On October 1, 2012, we acquired the Pavilion Crossing, a 68,400 square foot retail shopping center located in Brandon, Florida, for approximately $13.1 million. As of October 19, 2012, this property was approximately 97% leased based on gross leasable area. The shopping center is anchored by a Publix.
On September 7, 2012, we contributed the La Costa Town Center, a 121,429 square foot retail shopping center located in Carlsbad, California, to a newly formed joint venture with GEM Realty Capital, Inc. for proceeds of approximately $21.2 million. We own a 20% ownership interest in the joint venture and act as the day-to-day property manager for the shopping center. We receive fees for providing these management services and other construction and development services related to the property.
On August 31, 2012, we acquired the Chimney Rock property, a 151,339 square foot retail shopping center located in Odessa, Texas, for approximately $23.8 million. As of October 19, 2012, this property was approximately 98% leased based on gross leasable area. Major tenants include Academy Sports, Best Buy, Marshalls, Kirklands and Ulta.

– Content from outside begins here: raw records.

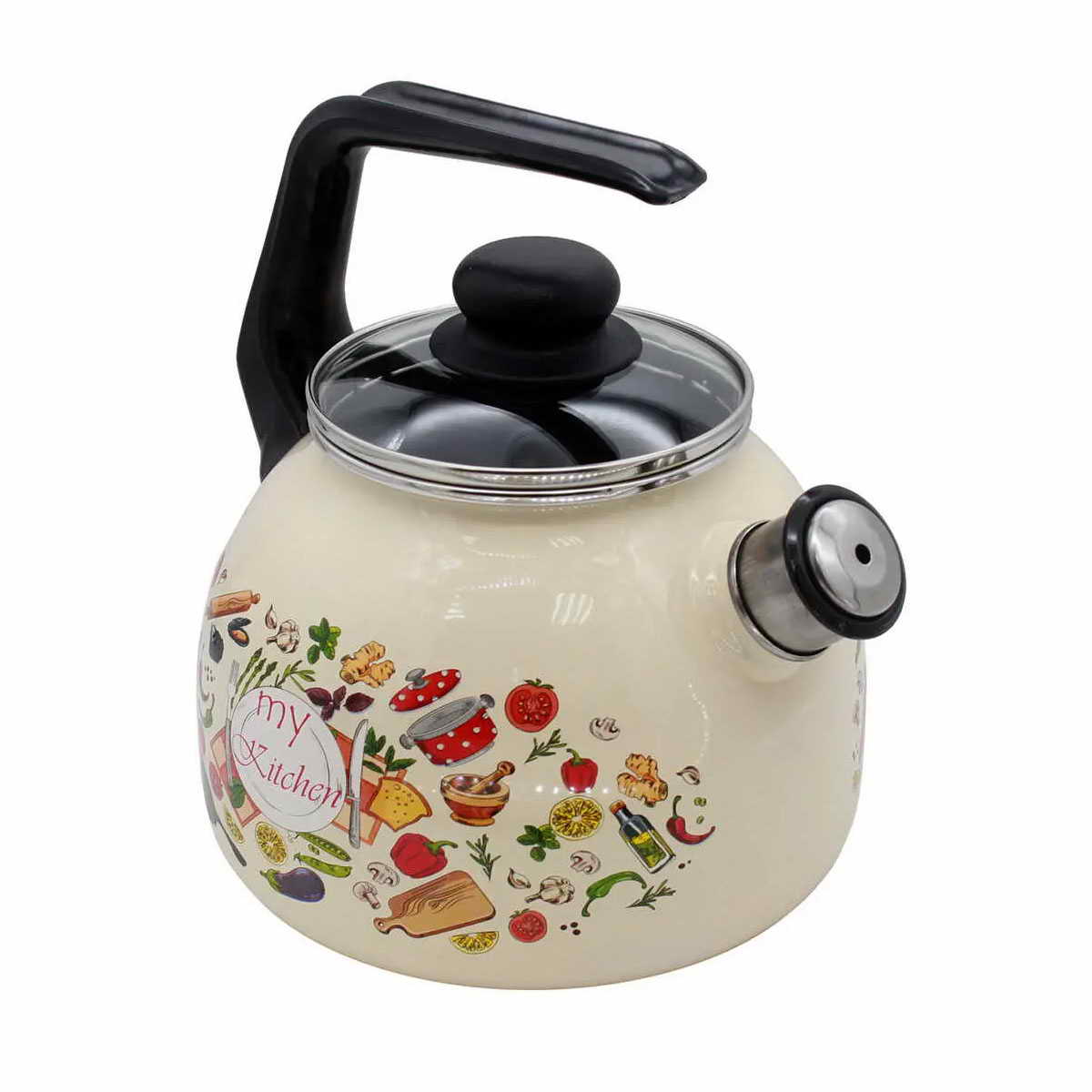 Чайник эмаль Стальэмаль "Моя кухня" 4С209/Я, 3,0л,со свистком, слоновая кость
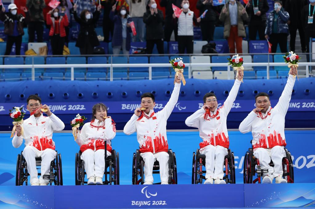 3月12日,2022年冬残奥会轮椅冰壶颁奖仪式,中国队选手孙玉龙、闫卓、张明亮、陈建新和王海涛(从左至右)庆祝胜利。新华社记者杜潇逸 摄
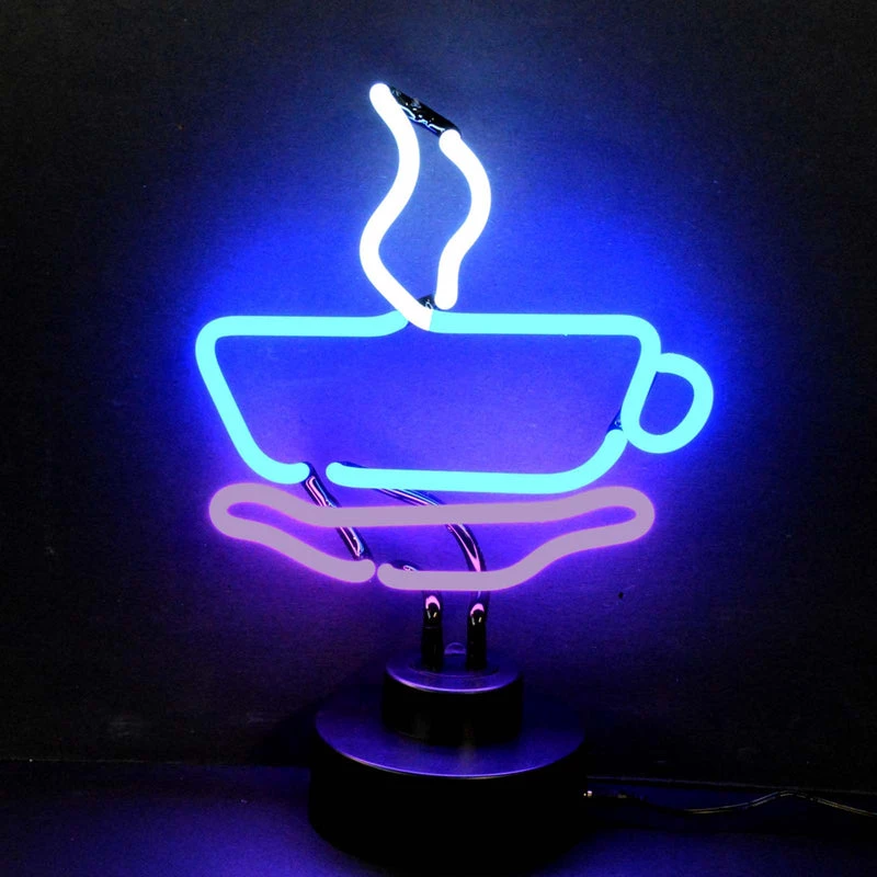 NeoneticsΒ Coffee Cup Neon Sign. It features multi-colored, hand blown neon tubing.Β The base has an on and off switch, and can be adapted to sit on a shelf or hang on a wall.Β Neonetics neon signs have a warm mesmerizing glow, and are powered by industrial strength transformers, which operate silently and more efficiently than incandescent bulbs. All you do is hang it up and plug it in β no assembly or special wiring required.Β
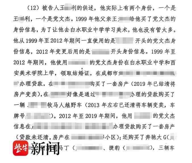 王某利供述,他实际上有两个身份,一个是王某利,一个是党文杰。1999年,他父亲王某某给他买了党文杰的身份信息,为了让他去白水职业中学学习美术,他也没有管太多。1999年至2012年,他用党文杰的身份信息在白水职业中学和西安美术学院上学,领取结婚证,在成都贷款买了一套房、一辆牧马人越野车。2012年至2019年,他用党文杰身份信息在成都贷款买了一套房,还买了奔驰大G、阿斯顿马丁、捷豹共3辆车,另外还注册了几家公司。
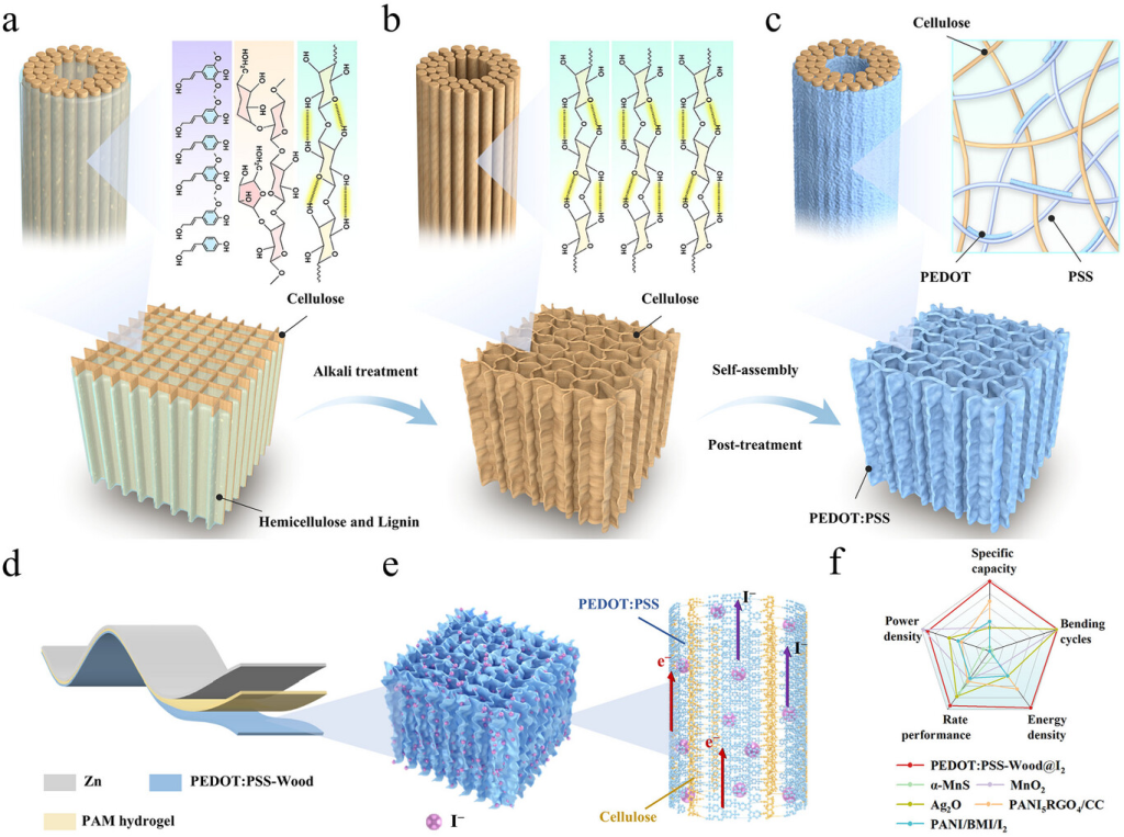 图1. PEDOT:PSS-Wood取向导电网络框架作为柔性ZPPWIB高性能正极.a–c)PEDOT:PSS-Wood框架制备过程示意图,a)天然轻木、b)化学处理木材和c)PEDOT:PSS-Wood框架的层次结构。d)柔性ZPPWIB结构示意图。e)PEDOT:PSS-Wood正极的层次导电网络结构。f)雷达图比较了柔性ZPPWIB与其他报道的利用水凝胶电解质的柔性锌离子电池的一系列特性,包括柔韧性、容量保持率、比容量、最大循环次数和能量密度。

In connection with the acquisitions that we have made since June 30, 2012, as described above, we have incurred significant transaction-related expenses that may cause certain GAAP and non-GAAP financial results for our third quarter of 2012 to differ from market and analyst expectations and presentations.
Amended Credit Facility
On July 20, 2012, we entered into an amended and restated credit agreement, which increased the initial amount of our unsecured revolving credit facility from $200.0 million to $250.0 million, including a $25.0 million swingline subfacility and a $30.0 million letter of credit subfacility. We have the ability from time to time to increase the size of the revolving credit facility further by up to an additional $200.0 million to a total of $450.0 million, subject to receipt of lender commitments and other conditions precedent. The maturity date of the revolving credit facility is July 19, 2016 and can be extended for one year at our option. The interest rate on the revolving credit facility was reduced from LIBOR plus a margin of 220 to 300 basis points, depending on our leverage ratio, to LIBOR plus a margin of 165 to 225 basis points, depending on our leverage ratio. As of September 30, 2012, the interest rate on the revolving credit facility was 1.87%. We also pay a fee of 0.25% to 0.35% for any unused portion of the revolving credit facility, depending on the amount of the unused portion. As of October 19, 2012, we had $193.0 million outstanding under the revolving credit facility, with a $12.1 million letter of credit issued from the facility.
At the Market Program
In March 2012, we filed a prospectus supplement with the Securities and Exchange Commission, which permits us, from time to time, to offer and sell shares of our common stock having an aggregate offering price of up to $50.0 million in at the market offerings as defined in Rule 415 under the Securities Act. During the third quarter of 2012, we sold 1,082,051 shares of common stock through such offerings, resulting in net proceeds of approximately $12.7 million.
SIGNATURES
Pursuant to the requirements of the Securities Exchange Act of 1934, the registrant has duly caused this report to be signed on its behalf by the undersigned hereunto duly authorized.